╭─ Input material
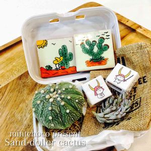 ⌘Astrophytum asterias 'Super Kabuto' mintchocoさんから頂いた スーパー兜丸とスーパー俺丸! さてどっちがどちでしょうd(>∇<;) 欲しさのあまりに作った兜丸 兄弟みたいに似てるでしょ (。-`∀・)b゙
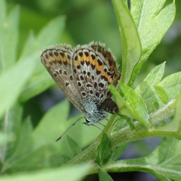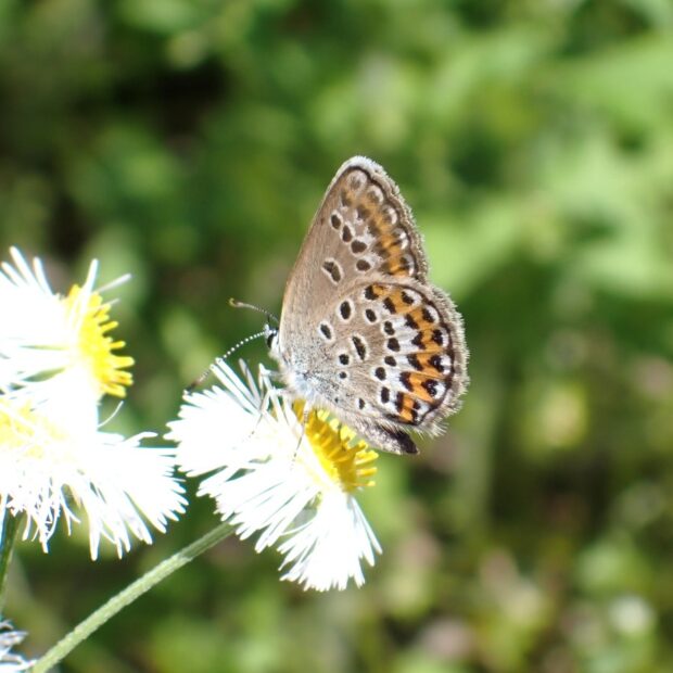 山の草原を飛ぶシジミチョウ
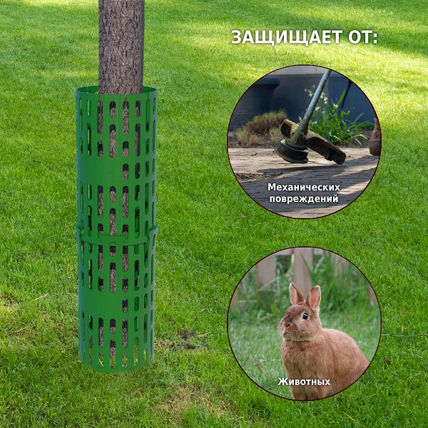 Защита стволов деревьев, кустарников и цветов предназначена для защиты стволов растений от триммеров, грызунов и других случайных повреждений. Также может использоваться как кустодержатель для ягодных кустарников (смородина, крыжовник) и цветов (пионы, гортензии и др.).<br>
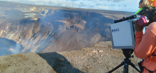 Un géochimiste du HVO mesure les gaz émis par le Kilauea à l’aide d’un spectromètre infrarouge à transformée de Fourier (FTIR), un instrument qui détecte la composition des gaz sur la base de la lumière infrarouge absorbée. (Crédit photo : HVO)
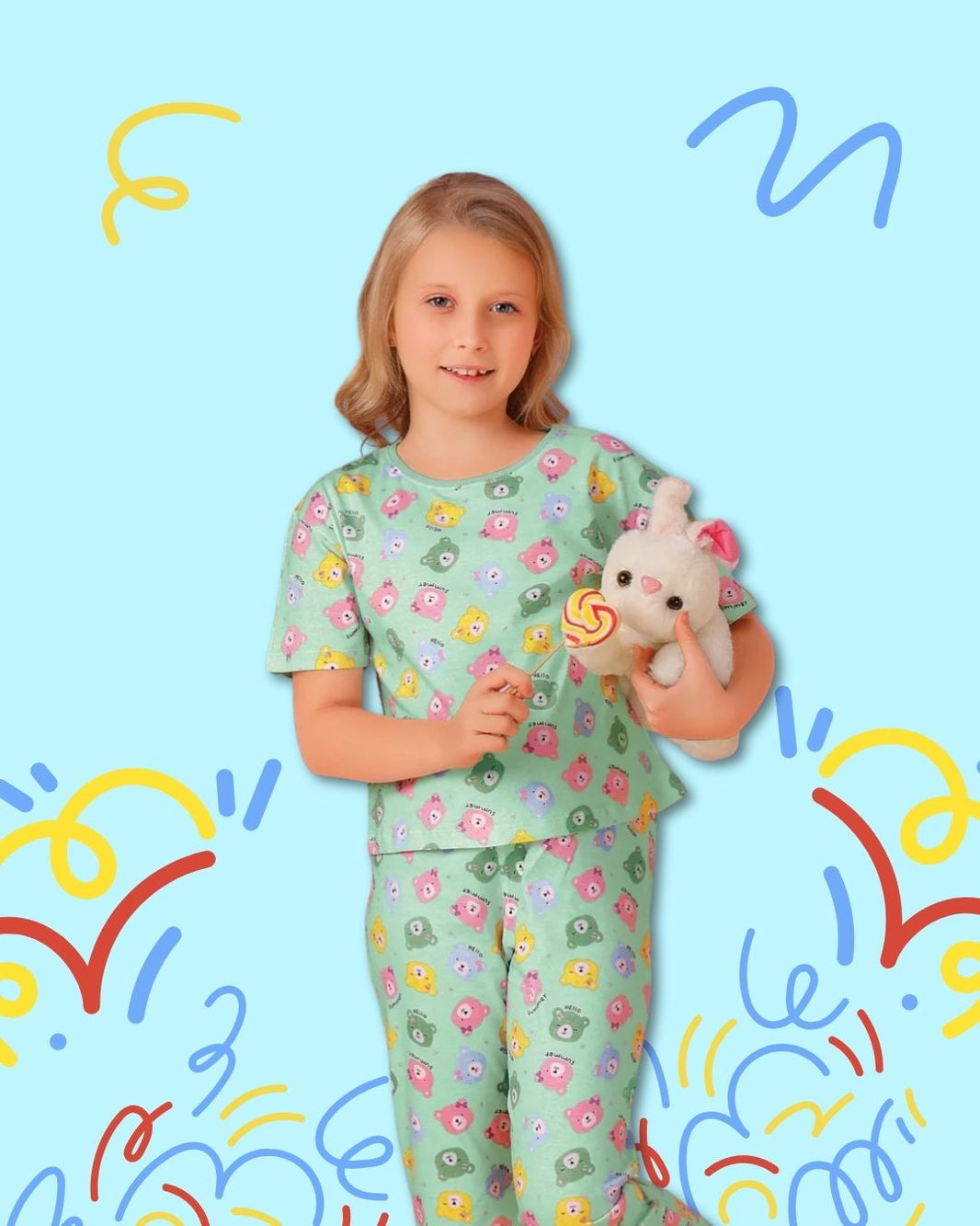 3 Piece Nightsuits Top Pajama Shorts Sets For Girls
╰─
= Work to be completed =
Copy every record exactly, but skip the pictures.

= Reply =
 ⌘Astrophytum asterias 'Super Kabuto' mintchocoさんから頂いた スーパー兜丸とスーパー俺丸! さてどっちがどちでしょうd(>∇<;) 欲しさのあまりに作った兜丸 兄弟みたいに似てるでしょ (。-`∀・)b゙
 山の草原を飛ぶシジミチョウ
 Защита стволов деревьев, кустарников и цветов предназначена для защиты стволов растений от триммеров, грызунов и других случайных повреждений. Также может использоваться как кустодержатель для ягодных кустарников (смородина, крыжовник) и цветов (пионы, гортензии и др.).<br>
 Un géochimiste du HVO mesure les gaz émis par le Kilauea à l’aide d’un spectromètre infrarouge à transformée de Fourier (FTIR), un instrument qui détecte la composition des gaz sur la base de la lumière infrarouge absorbée. (Crédit photo : HVO)
 3 Piece Nightsuits Top Pajama Shorts Sets For Girls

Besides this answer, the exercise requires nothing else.